Scott and the National Folk Festival

A couple of weekends ago we went east to Butte, America. (Anyone who finds and buys me a “Butte, America” shirt will be my best friend forever–after Rigby). We went to see the National Folk Festival.

The National Folk Festival is a large-scale three-day outdoor event presented free to the public that celebrates the roots, richness, and variety of American culture. The National features a jubilant and dizzying program that includes music and dance performances, participatory dancing, workshops, childrenÂ’s activities, regional and ethnic foods, storytelling, parades, craft exhibits and demonstrations, and more. The National brings a jubilant and dizzying feast of the deeply traditional folk arts that appeals to audiences of all ages at all levels.

Butte, Montana is the host city for the 70th-72nd National Folk Festivals in 2008-2010. The National Folk Festival kicked off a three-year run in Montana on July 11-13, 2008.
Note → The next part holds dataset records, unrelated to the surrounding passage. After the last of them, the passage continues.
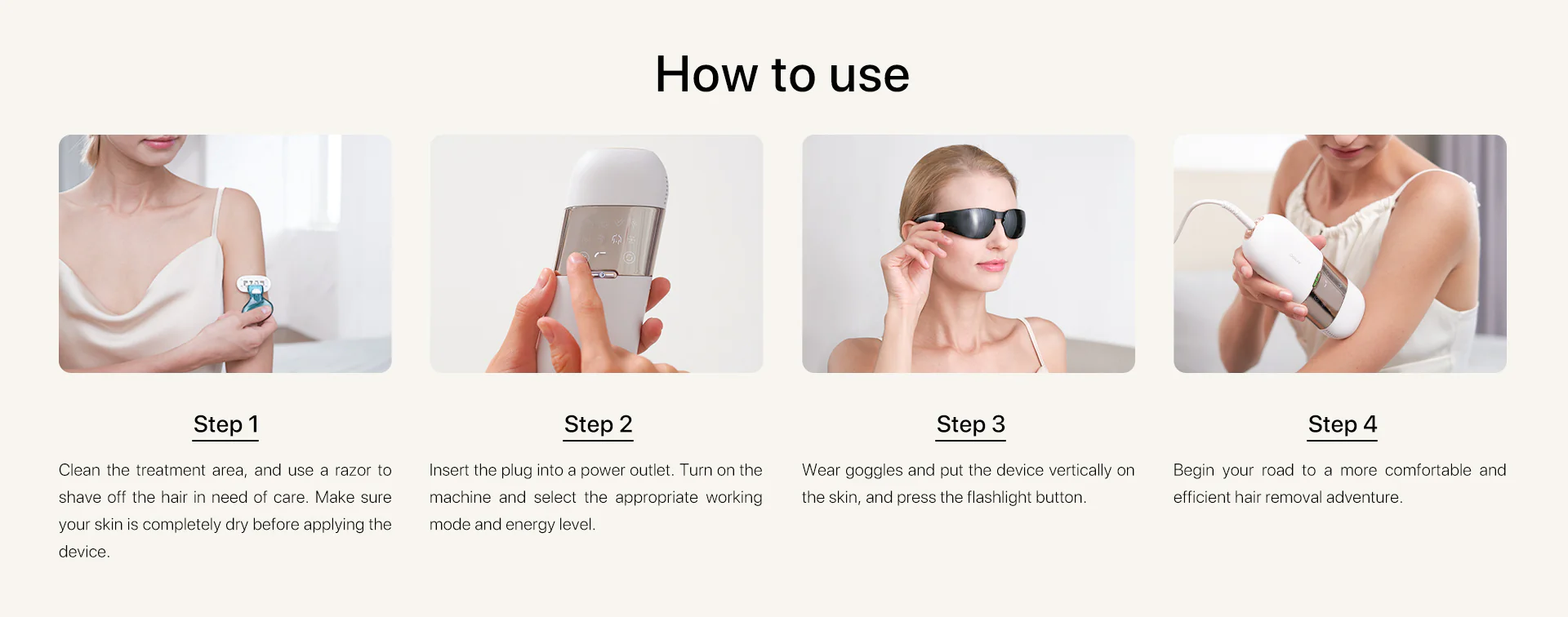 Achieving smooth and hair-free skin in the comfort of your own home. Our device utilizes Intense Pulsed Light (IPL) technology, Our technology allows you to remove hair faster, safer, and liberating your hands. Our hands-free sliding mode carries stronger light beam energy straight to every hair follicle. Enjoy a quick full-body hair removal session before you even know it!!
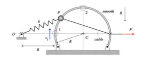 Step 3: Kinetics – In order to determine the work done on the system by the applied force F, you need to find the distance traveled by the end of the cable as P moves from position 1 to position 2. HINT: This distance is equal to the amount of cable that is pulled over the pulley as P moves from position 1 to position 2.
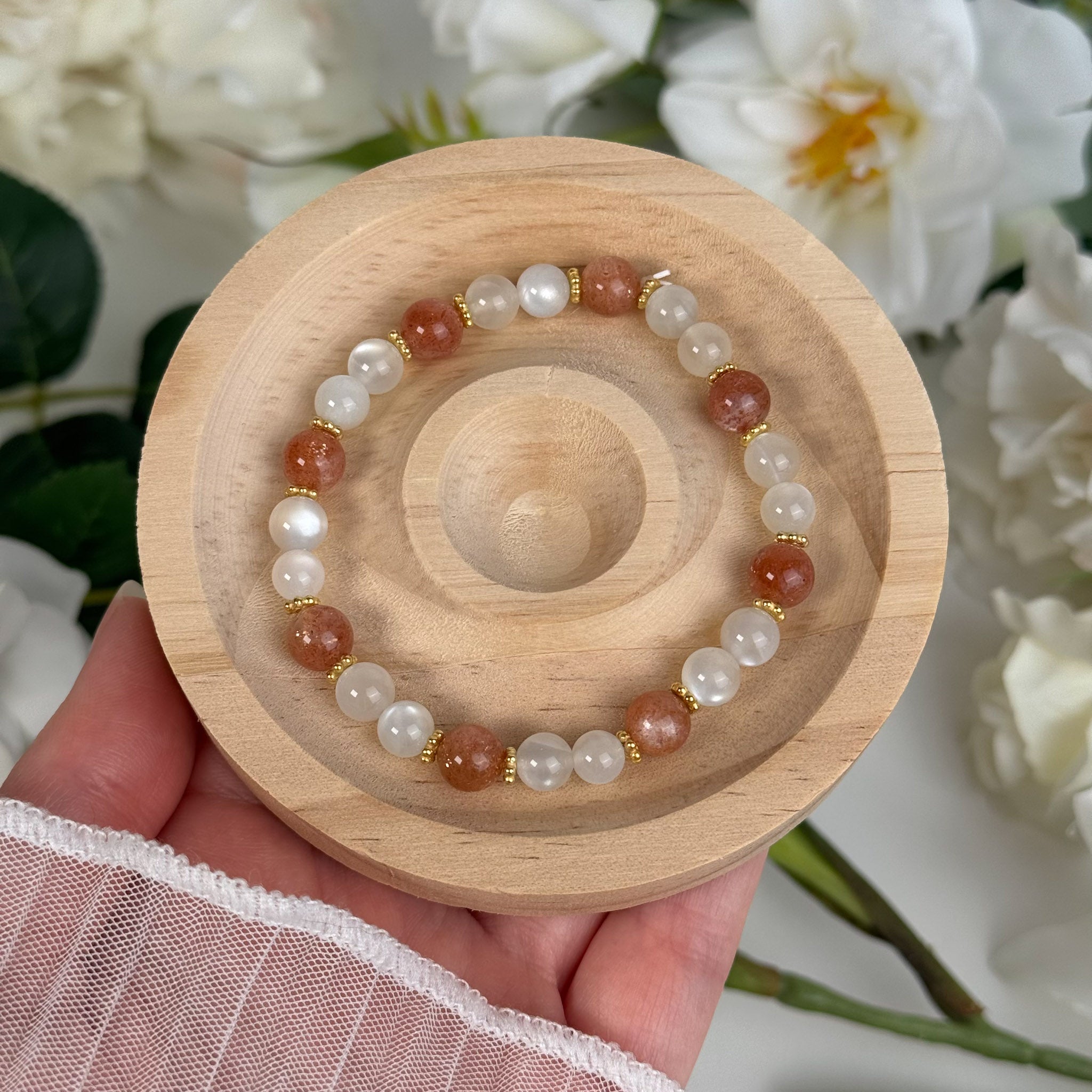 Edelsteinarmband mit weißem Mondstein & Sonnenstein
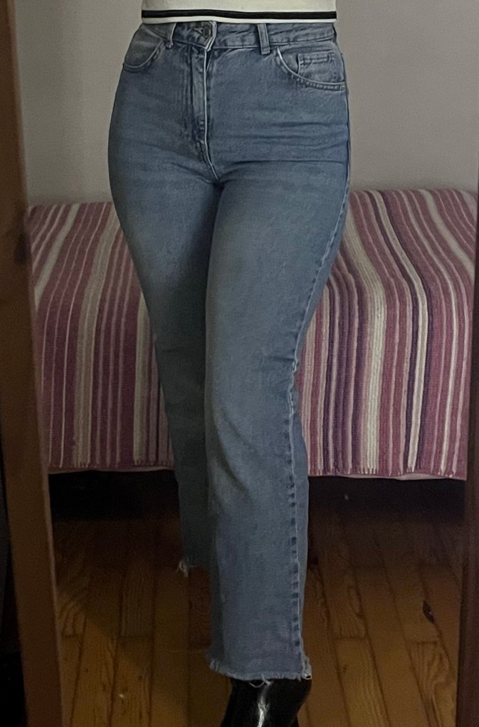 Düz kesim, fiziği güzel gösteriyor. Diz yapmıyor kotu kaliteli. Kilo aldığım için satıyorum
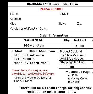 DOOMenstein Episode 1 contains the first four levels of a totally NEW Wolfenstein experience entitled: DOOMenstein. Experience all the DOOM II levels, DOOM wall textures, objects, and enemies with DOOMenstein for Wolf 3d. Plus, when you register DOOMenstein Episode 1, you'll receive a patch to import DOOM sounds into Wolfenstein, 'cause a barking DEMON just don't cut it! To experience DOOMenstein Episode 1, you'll need either Wolfenstein 2nd Encounter, 3rd Encounter, or Wolfenstein 3d Commercial and a Macintosh with a color monitor. Don't miss this TOTALLY NEW WOLFENSTEIN EXPERIENCE!
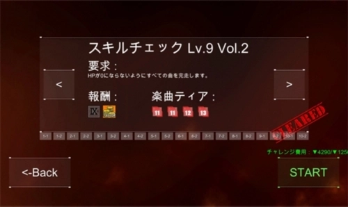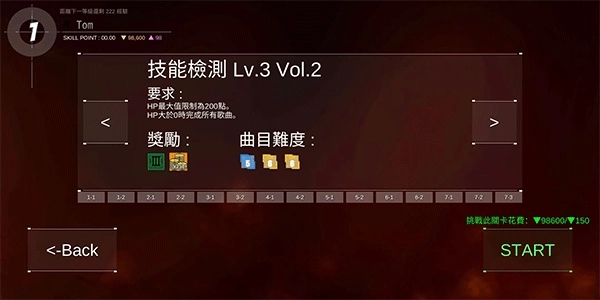 ①技能检定:和音游里的段位系统有些相似,它总共设有七个等级。每个等级都要求连续演奏3到5首歌曲,并且这些歌曲的生命值是共享的,只要能在演奏过程中保持存活状态并完成所有歌曲,就算成功通关。
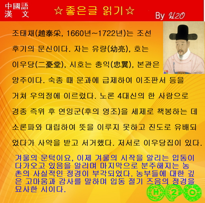 #1590강 한시(漢詩)로 배우는 漢文과 중국어 ★立冬日 - 趙泰采 - 2
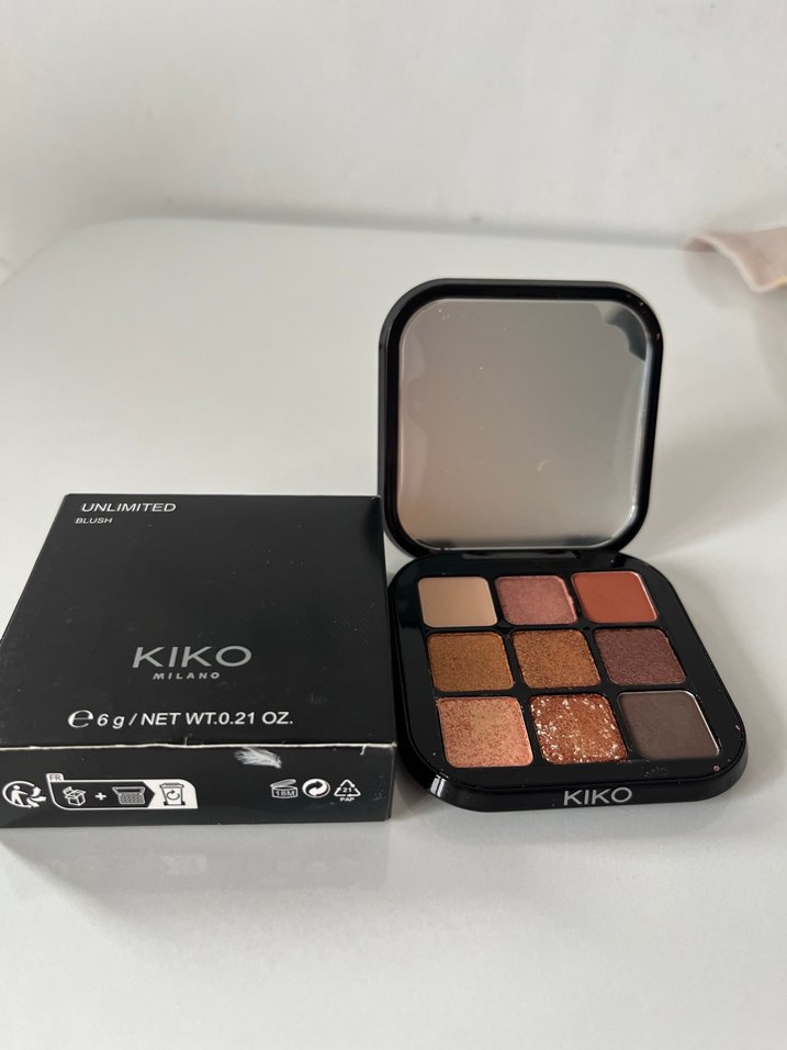 KIKO Milano 9'lu far paleti, mat ve simli bej ile koyu tonlarda renkler içerir. Toplam ağırlık 6g (0.21 oz).
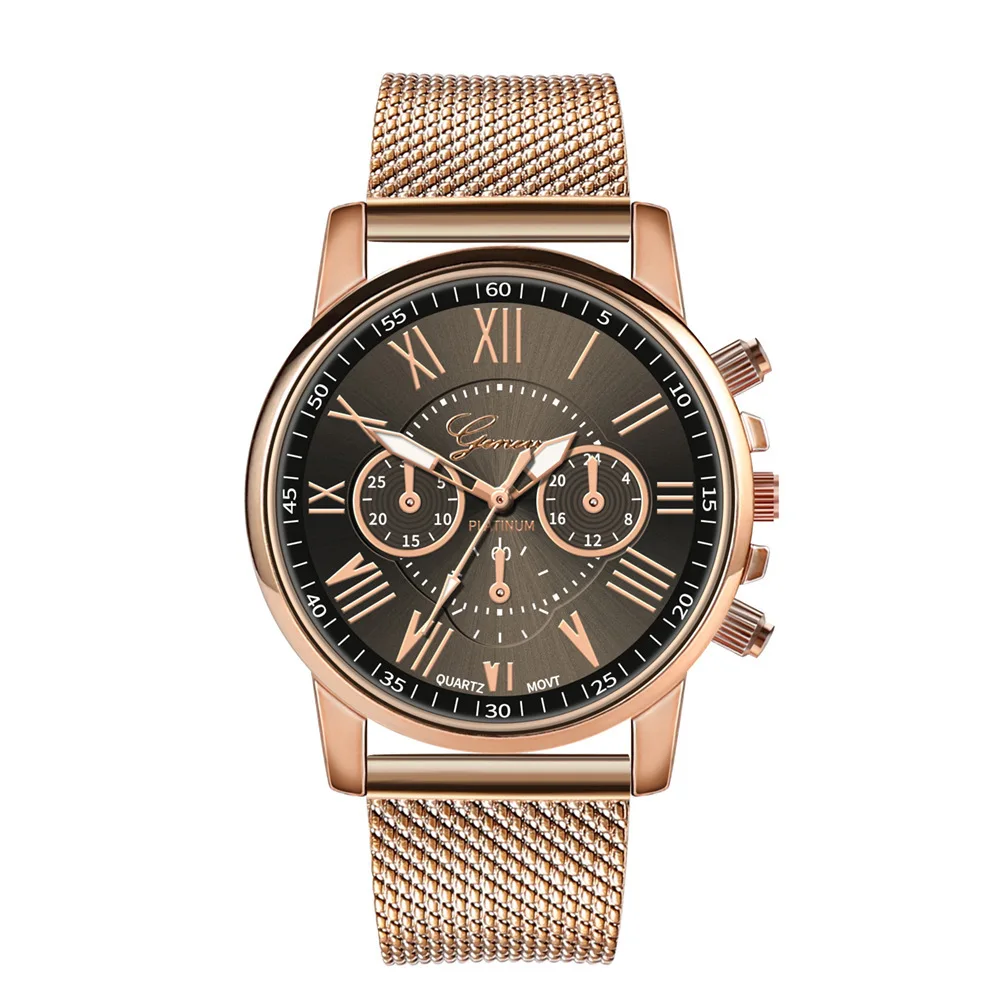 Женские наручные часы с сетчатым браслетом, часы цвета розового зол...
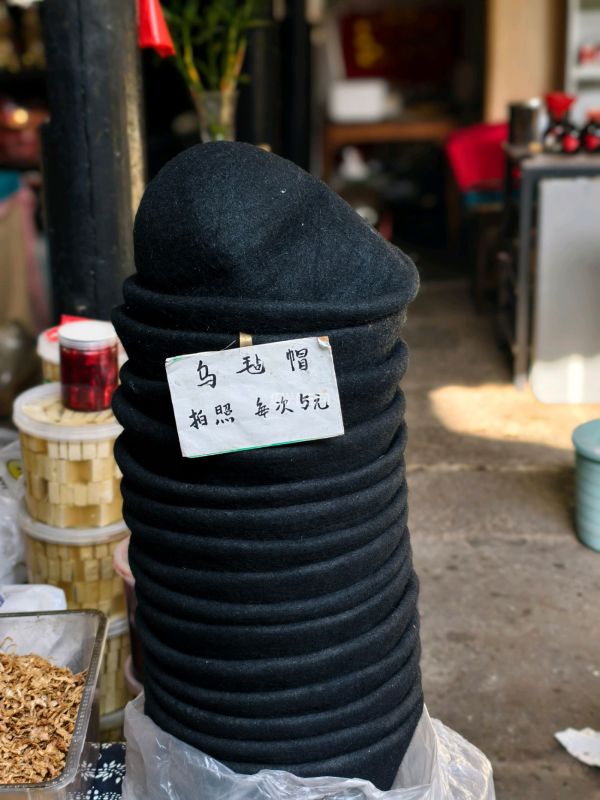 这个乌毡帽跟我们小时候爷爷辈带的乌毡帽还是有很大区别,那个时候他们带的乌毡帽都是笔挺的,上图的乌毡帽感觉没什么刚骨似的。
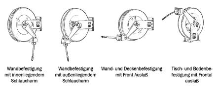 Um das Handling mit dem Aufroller weiterhin zu vereinfachen und Ihre Schläuche trotz allseitigen Rollenauslauf noch mehr zu schonen, besteht die Möglichkeit den Aufroller mit einer schwenkbaren Wandhalterung auszurüsten. Mit einer Ein- und Aushang-Vorrichtung für einfache Montage. |
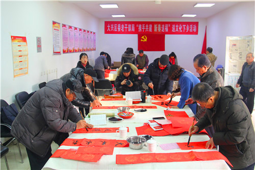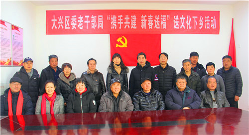 1月15日,北京大兴区委老干部局到双百双千城乡共建村庞各庄镇丁村开展“携手共建 新春送福”送文化下乡活动,区委老干部局副局长宋新影、老干部大学副校长曹永静、老干部大学书法社10余名学员参加了活动。
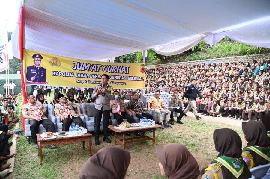 DJABARPOS.COM, Sumedang – Kapolda Jabar Irjen. Pol. Dr. Akhmad Wiyagus, S.IK., M.Si., MM. Didampingi PJU Polda Jabar melaksanakan acara Jum’at Curhat Kapolda Jabar Bersama Generasi Milenial di Bumi Perkemahan Kiara Payung Sumedang, Jum’at (22/12/2023).
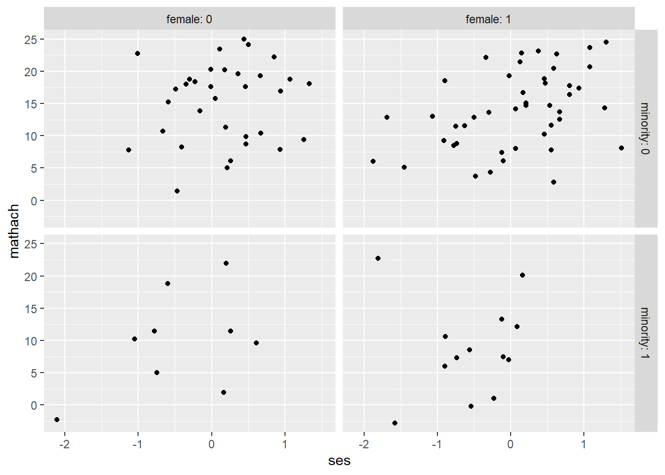 facet_grid(rows = vars(minority), cols = vars(female), labeller = "label_both")
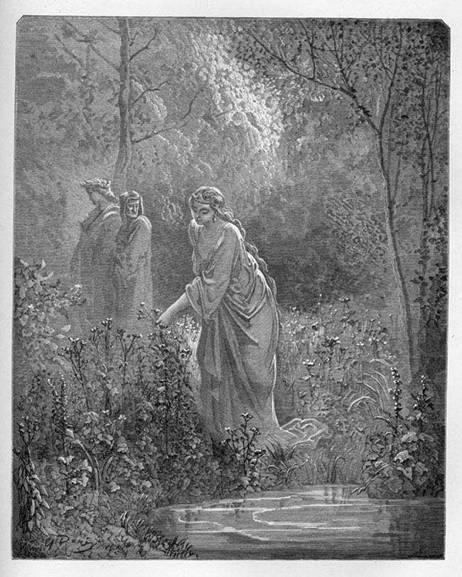 Dante has purged himself of all sins and arrives at the top of the mountain - The Garden of Earthly Paradise. This garden mirror the Garden of Eden.
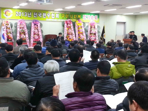 전국한우협회 구미시지부(지부장 이인철) 2013년 정기총회가 26일 구미농산물도매시장 회의실에서 개최됐다.
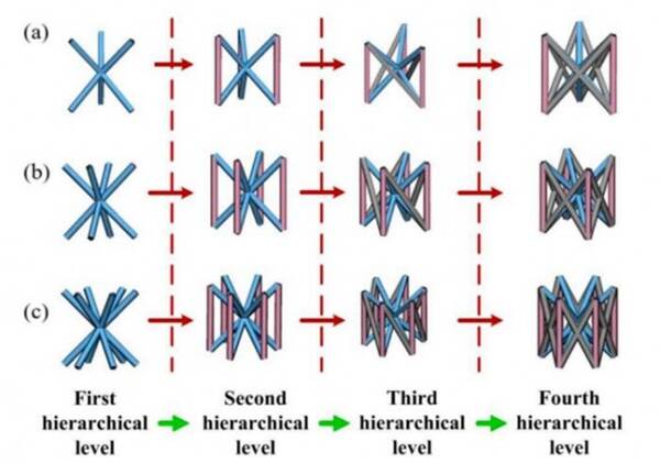 /Design of the second, third, fourth hierarchical level lattice cells with (a) three-, (b) four-, (C) six-fold rotational symmetries
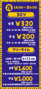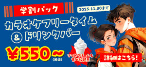 カラオケ料金 2023.10.212025.10.10 お一人様料金(税込) ※ワンドリンク制(室料とは別に、ワンドリンクorドリンクバーorアルコールバーor飲み放題のいずれかをご注文ください) ※お盆シーズンや年末年始などは料金が変更になる場合がございます。詳しくは店舗までお気軽にお問い合わせください。
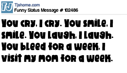X says You cry, I cry. You smile, I smile. You laugh, I laugh. You bleed for a week, I visit my mom for a week.
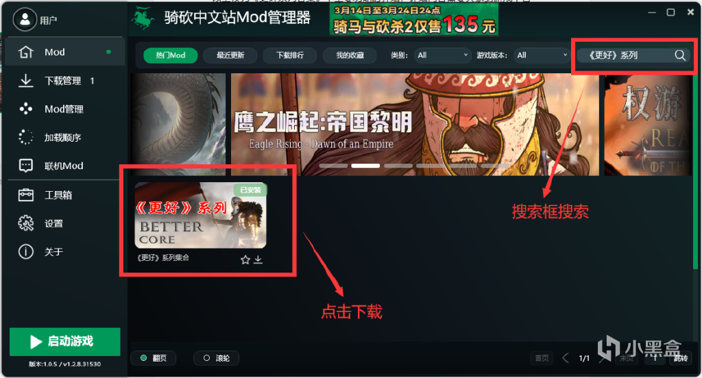 1、可以直接百度搜索“騎砍中文站 下載中心”,進入下載站後搜索“更好系列合集”進行下載
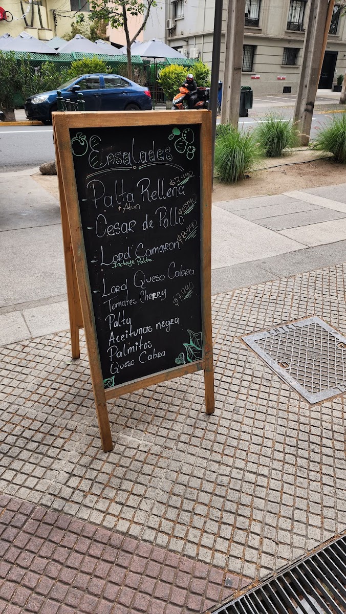Mix de lechugas, jamón serrano, queso cabra, tomate cherry, palta, huevo y aceitunas negras laminadas.
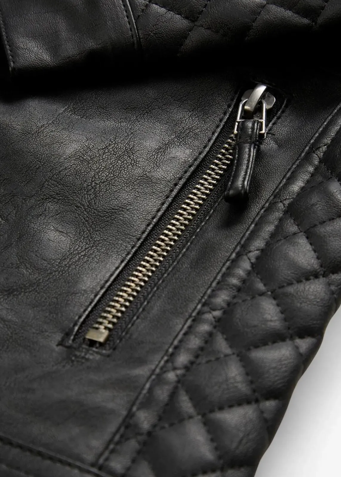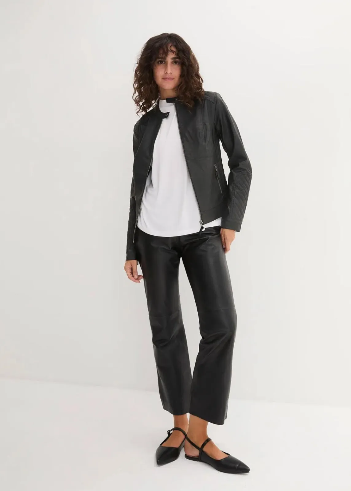 Mit dieser Jacke von bpc erhält Ihr Outfit eine legere Note. Sie ist aus schönem Kunstleder und zeichnet sich durch gesteppte Details an Schultern und Seiten aus. Vorne ist sie mit diversen Ziernähten und zwei Reißverschlusstaschen geschmückt.Die Lederimitat-Jacke hat einen Druckknopf am Ärmelende und einen kleinen Stehkragen mit Druckknopf. Die Übergangsjacke lässt sich per Reißverschluss schließen.
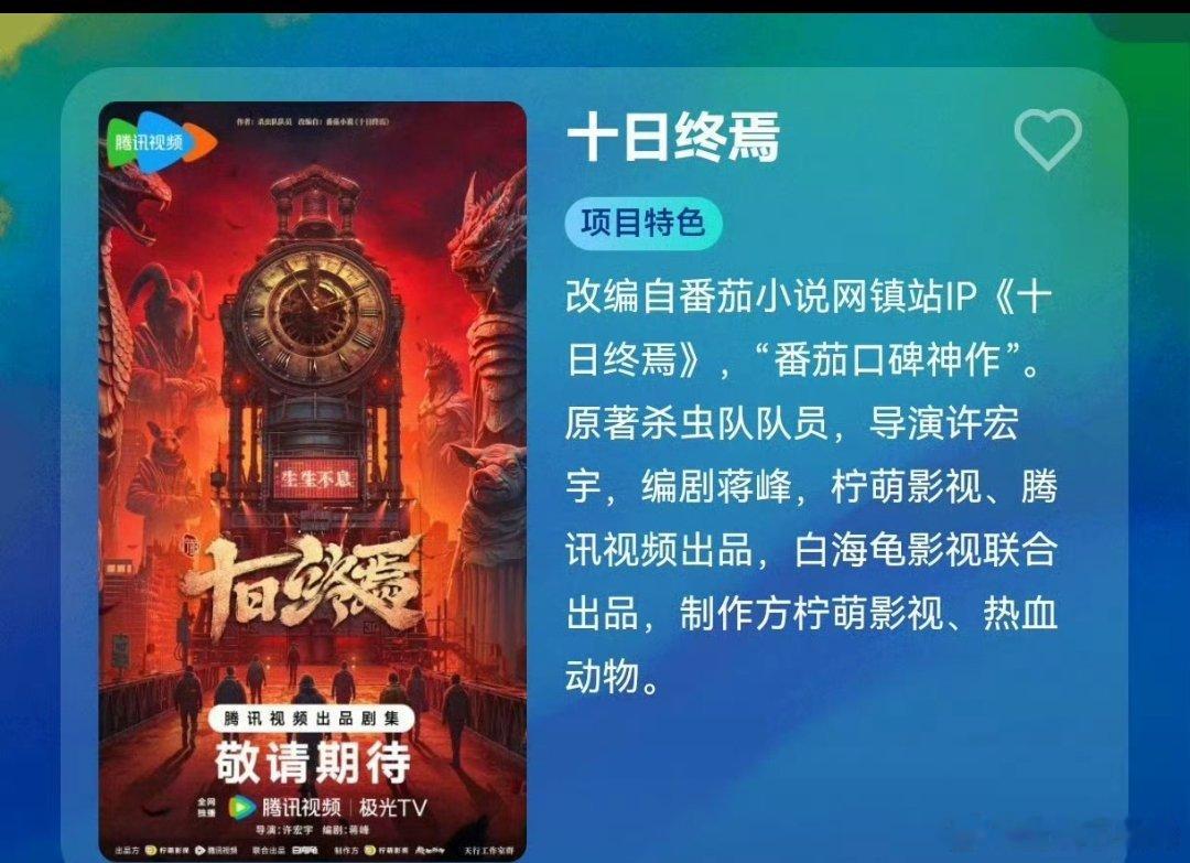 网传《十日终焉》男主是肖战导演:许宏宇编剧:蒋峰无限量啊好期待[打call][打

We went thinking it would only be in Montana for two years, but turns out we could have waited until next year. Glad we didn’t, though, because it was loads of fun.

It didn’t start until 6 on Friday, but we left in the morning to set up our campsite at Homestake Lodge. This is a Nordic Center/mountain bike trails/hostel-ish place owned by my friends Mandy and Chris. There are hostel-style rooms with 8 or 12 bunks in the lodge, plus a huge dining room/fireplace/couch area and a kitchen. We set up camp in a meadow and were able to use the bathrooms and Lincoln Logs in the lodge.

First stop was the Granite Mountain Memorial. Basically there was a huge fire in the miles and miles of mine tunnels on June 8th, 1917. The fire took 168 lives, the nation’s worst hard rock mining disaster.

Looking out from the Granite Mine memorial into the current mine.

Montana Resources mine. Where copper is king (or at least it was).

The kids were still asleep in the car so we toured around a bit before finding a place to park. Butte is a strange town that seems out of place in time. You definitely get the feeling that it is a place whose heyday has passed.

I’ve been to a few places in Butte (such as the Berkeley Pit), but never walked around uptown.

After the memorial, we found a place on the lawn at the “Original” stage and watched the opening of the festival.

The “Original” stage. Also the first, or original, elevator scaffolding. The bands played underneath.

Taking a rest after a day of having fun in the sun. When Anders looked at this picture he said, “I am tired”.

Finn looking a little crusty, but having fun.

Native American horse parade to open the festival.

“Fork you,” says baby Finn.

We went back to the campsite before any of the music really got going thinking the boys needed to go to bed.

My brother, Scott, and his girlfriend, Sarah, flew into Bozeman and met us at Homestake Pass. Scott hasn’t seen Anders since he was 4 months old (Anders, not Scott) and had never met Finn. I’d never met Sarah, so it was time for us all to get together.